WORK ORDER: Below are some records. Write out exactly their lines from the one with "anrufen | |" through the one with "Chop the greens and", and leave the pictures behind.

THE INPUT:
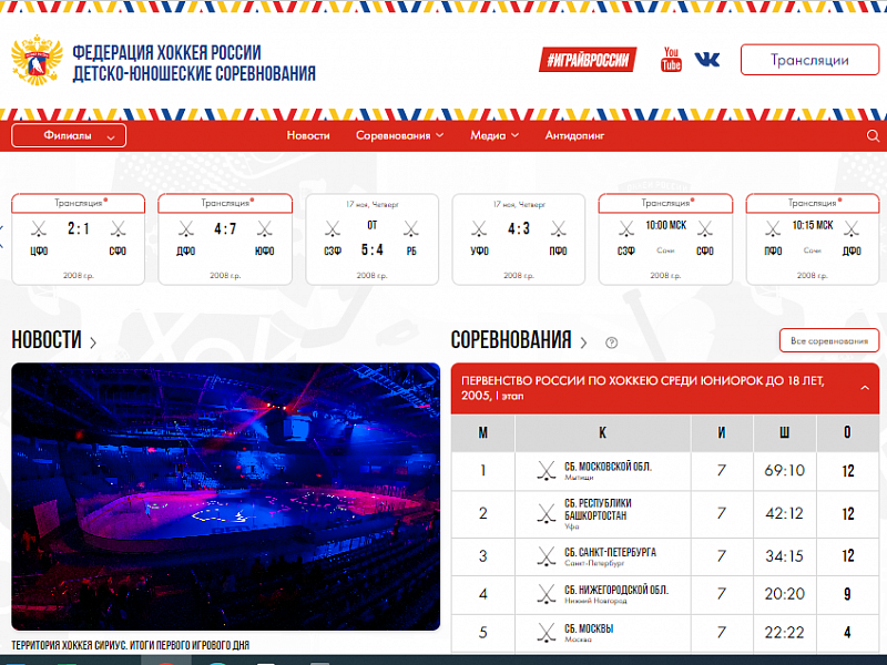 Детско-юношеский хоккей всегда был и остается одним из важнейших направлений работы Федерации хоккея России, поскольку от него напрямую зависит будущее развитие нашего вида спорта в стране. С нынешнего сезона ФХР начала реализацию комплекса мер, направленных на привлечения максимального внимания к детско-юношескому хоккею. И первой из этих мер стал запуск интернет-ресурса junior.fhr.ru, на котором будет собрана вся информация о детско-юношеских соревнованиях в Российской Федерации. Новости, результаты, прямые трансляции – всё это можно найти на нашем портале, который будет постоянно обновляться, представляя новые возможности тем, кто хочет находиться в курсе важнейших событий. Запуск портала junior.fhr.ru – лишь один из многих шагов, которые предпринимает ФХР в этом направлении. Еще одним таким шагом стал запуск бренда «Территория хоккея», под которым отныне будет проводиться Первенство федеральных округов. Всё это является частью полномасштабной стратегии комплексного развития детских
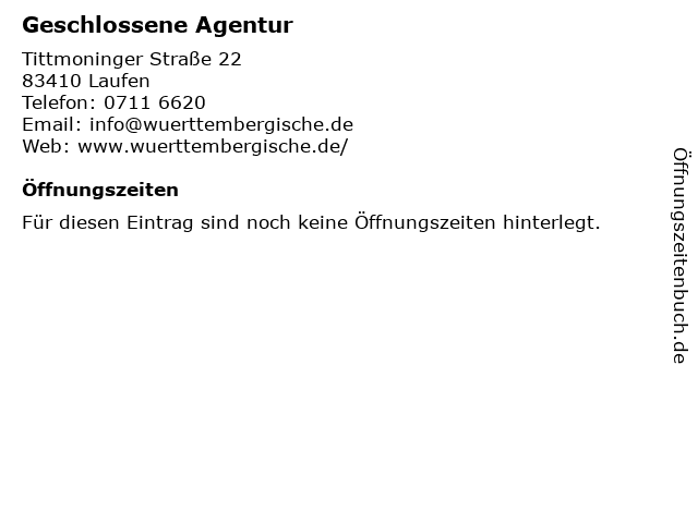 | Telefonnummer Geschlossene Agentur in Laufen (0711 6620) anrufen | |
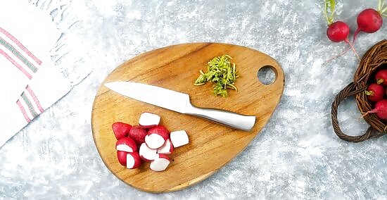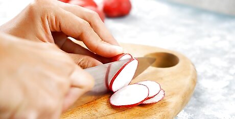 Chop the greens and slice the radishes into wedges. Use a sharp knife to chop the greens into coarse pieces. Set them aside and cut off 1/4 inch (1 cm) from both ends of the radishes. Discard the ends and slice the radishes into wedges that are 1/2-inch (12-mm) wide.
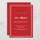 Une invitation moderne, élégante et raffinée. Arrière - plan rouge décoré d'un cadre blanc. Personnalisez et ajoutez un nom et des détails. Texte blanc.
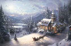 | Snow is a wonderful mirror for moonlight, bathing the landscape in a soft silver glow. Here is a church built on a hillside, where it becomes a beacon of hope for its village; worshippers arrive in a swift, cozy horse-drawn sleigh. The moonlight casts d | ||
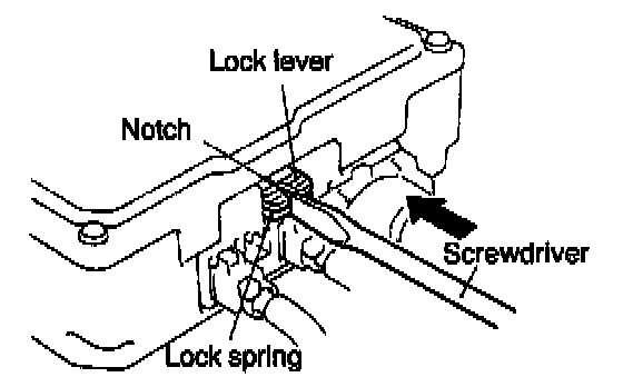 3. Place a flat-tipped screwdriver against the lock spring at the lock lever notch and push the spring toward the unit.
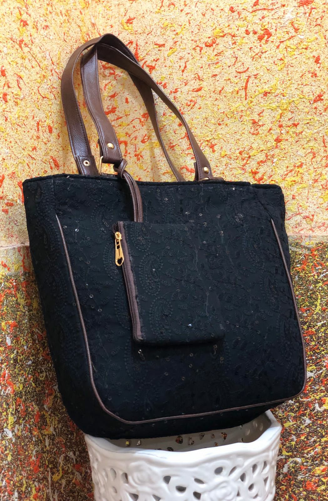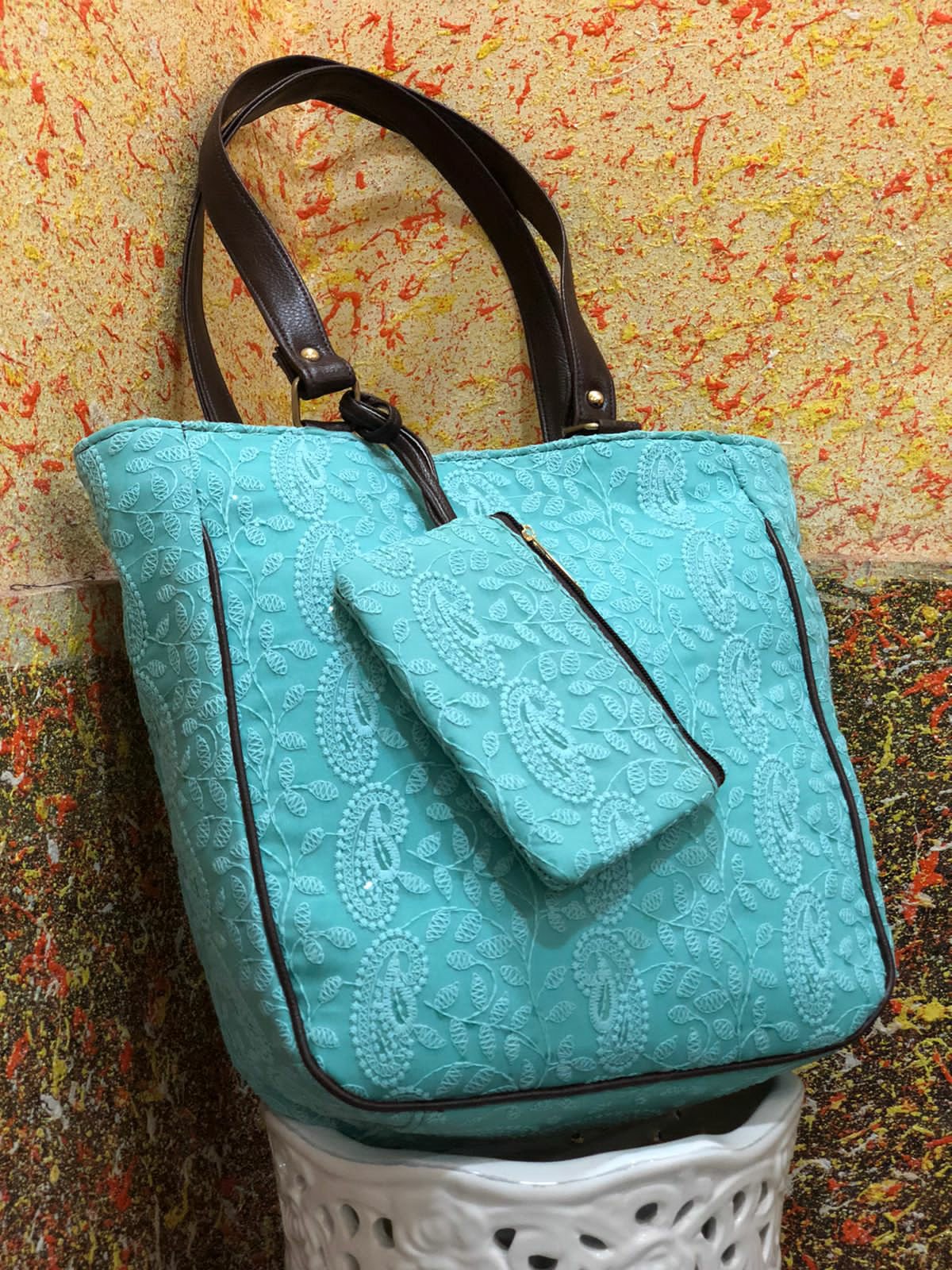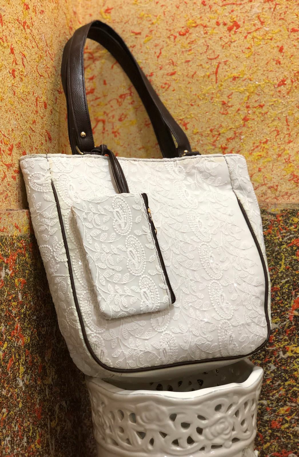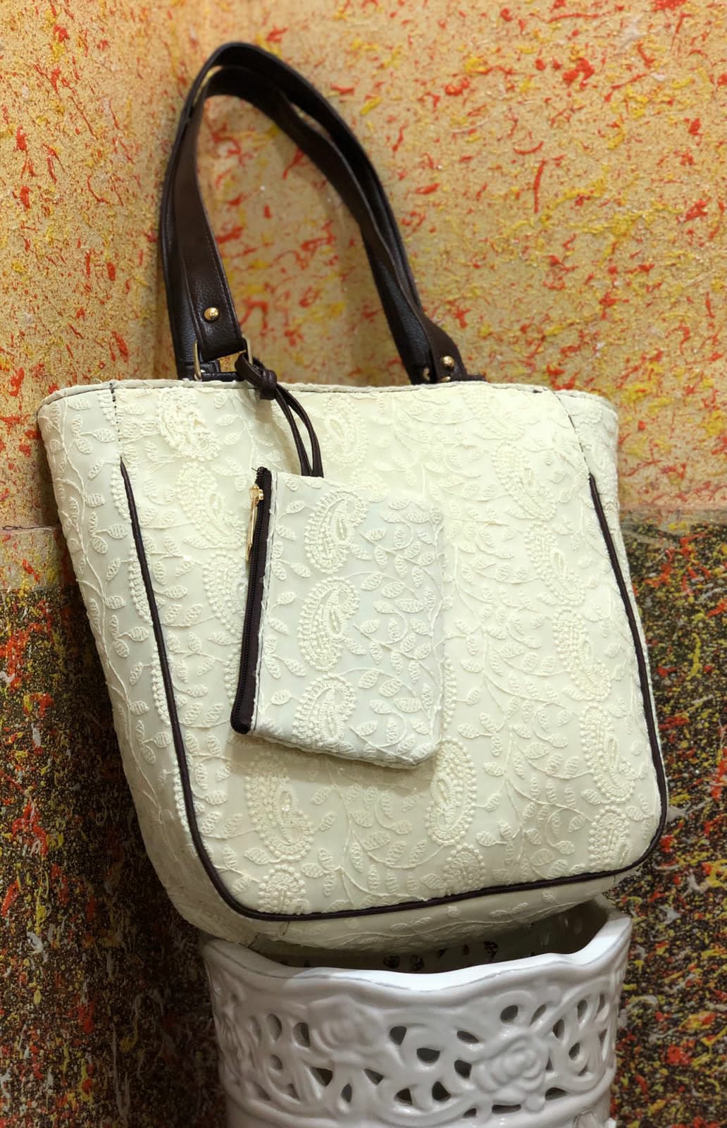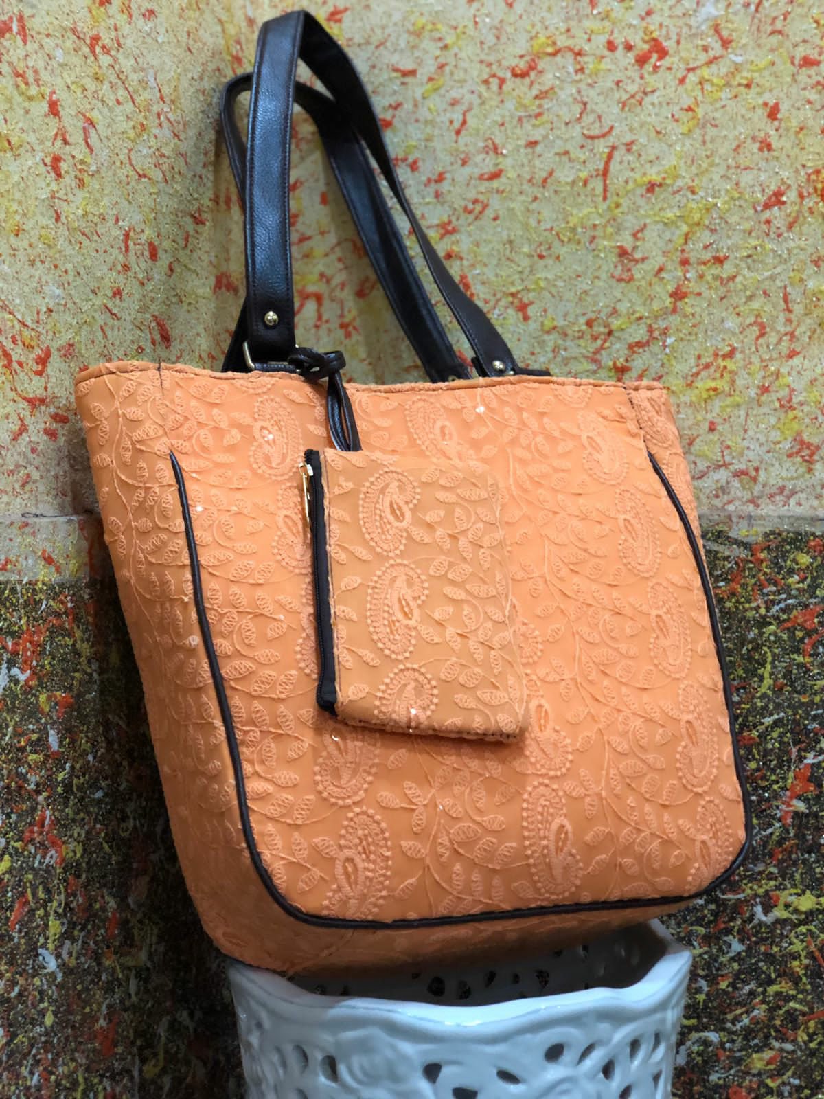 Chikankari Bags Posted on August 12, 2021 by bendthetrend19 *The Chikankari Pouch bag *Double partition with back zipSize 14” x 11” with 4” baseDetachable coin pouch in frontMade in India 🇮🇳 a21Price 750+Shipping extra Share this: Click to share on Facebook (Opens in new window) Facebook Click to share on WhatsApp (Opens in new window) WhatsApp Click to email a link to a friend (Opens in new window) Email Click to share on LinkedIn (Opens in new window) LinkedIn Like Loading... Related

RESULT OF THE EXERCISE:
 | Telefonnummer Geschlossene Agentur in Laufen (0711 6620) anrufen | |
 Chop the greens and slice the radishes into wedges. Use a sharp knife to chop the greens into coarse pieces. Set them aside and cut off 1/4 inch (1 cm) from both ends of the radishes. Discard the ends and slice the radishes into wedges that are 1/2-inch (12-mm) wide.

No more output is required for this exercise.